In this document, in order to take account of recent technological developments both in the field of manufacturing and for the design of products, the conventional terms such as "tablecloths", "rods", etc., are advantageously replaced by terms that are neutral or independent of the type of process used. Thus, the term "carcass-type reinforcement" or "sidewall reinforcement" is used to designate the reinforcing threads of a carcass ply in the conventional method, and the corresponding threads, generally applied at the flanks, of a pneumatic produced according to a process without semi-finished. The term "anchoring zone" for its part, can refer to both the "traditional" carcass ply rollover around a rod of a conventional method, that the assembly formed by the circumferential filaments, the rubber composition and adjacent portions of sidewall reinforcement of a low zone made with a method with application to a toroidal core.

In the present description, the term "wire" generally refers to both monofilaments and multifilaments or assemblies such as cables, twisted or any type of equivalent assembly, and this, whatever the material and the treatment of these threads. It may be for example surface treatments, coating or pre-sizing to promote adhesion to the rubber. The term "unitary wire" refers to a single-component wire, without assembly. The term "multifilament" means on the contrary an assembly of at least two unitary elements to form a cable, a twist, etc. By characteristics of the wire, one understands for example its dimensions, its composition, its characteristics and mechanical properties (in particular the module), its characteristics and chemical properties, etc.

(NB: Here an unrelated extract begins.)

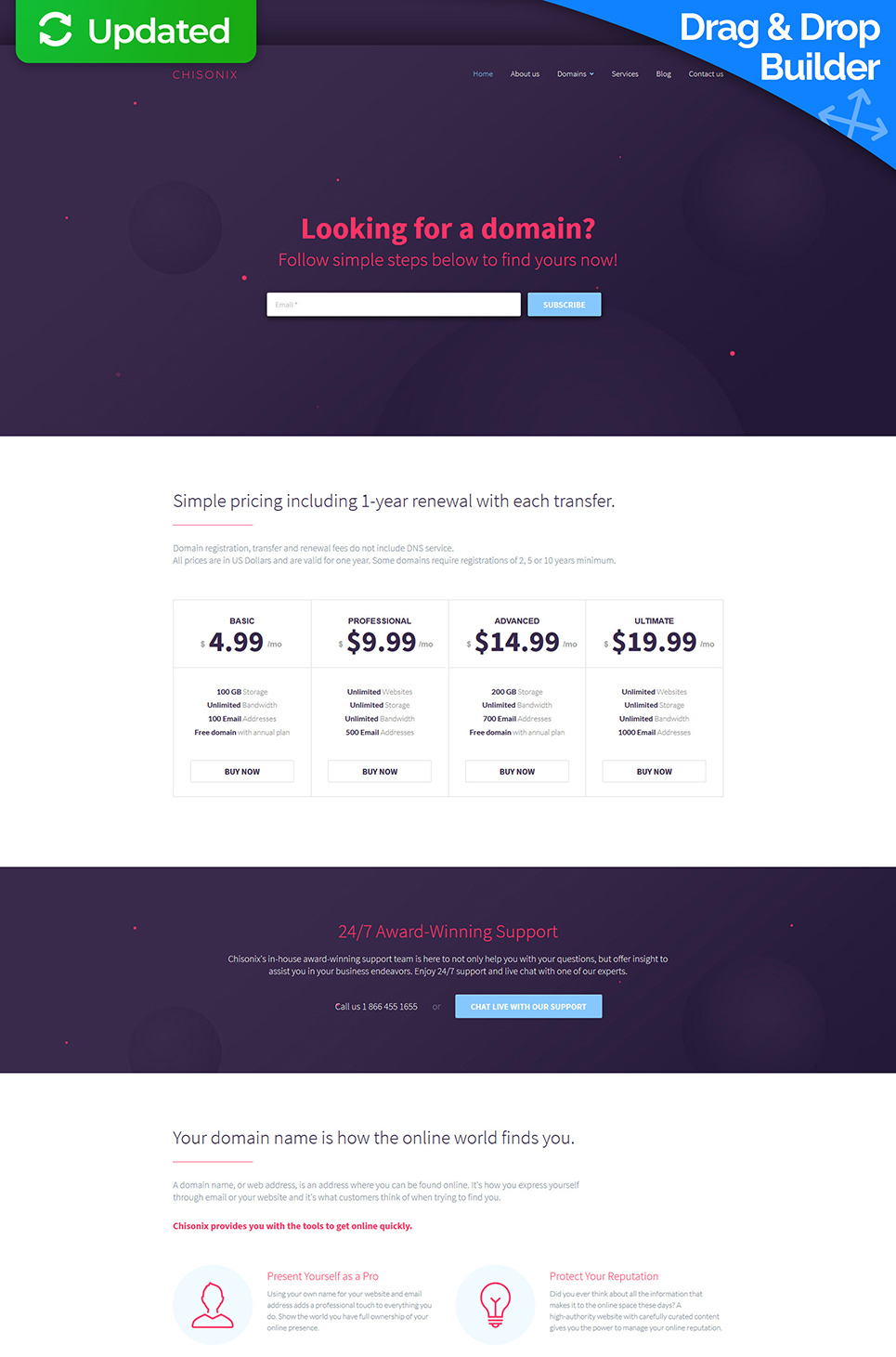 Chisonix - превосходно подходит для сайтов Доменный регистратор. Moto CMS 3 популярный шаблон - Internet Company Moto CMS 3 Template.
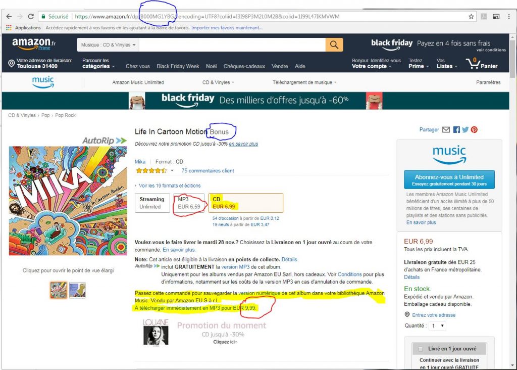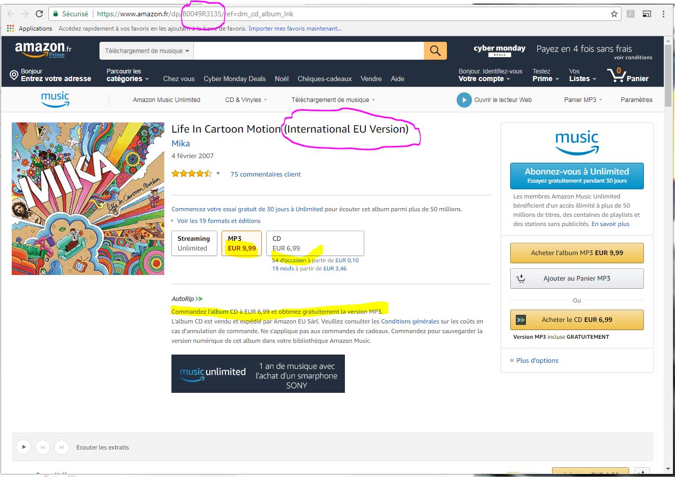 - si je veux le support CD, je n’ai qu’un choix à 6.99 => 10 chansons (au lieu de 14 précédemment) mais Amazon me les offre en mp3.

In the present description, the term "contact" between a wire and a layer of bonding rubber means that at least a portion of the outer circumference of the wire is in intimate contact with the constituent rubber composition of the gum binding.

It is known that, in a traditional manner, the carcass ply or plies are turned around a bead wire. The rod then performs a function of anchoring the carcass. Thus, in particular, it supports the tension developing in the carcass son for example under the effect of the inflation pressure. The arrangement described herein provides a similar anchoring function. It is also known to use the traditional type of rod to ensure a function of tightening the bead on a rim. The arrangement described in this document also provides a similar role of clamping.

• _* • • * •

"Flanks" refers to the tire portions most often low flexural stiffness located between the top and the beads. So-called "sidewall mixtures" rubber mixtures located axially externally relative to the son of the carcass reinforcement structure and their gum binding. These mixtures usually have a low modulus of elasticity.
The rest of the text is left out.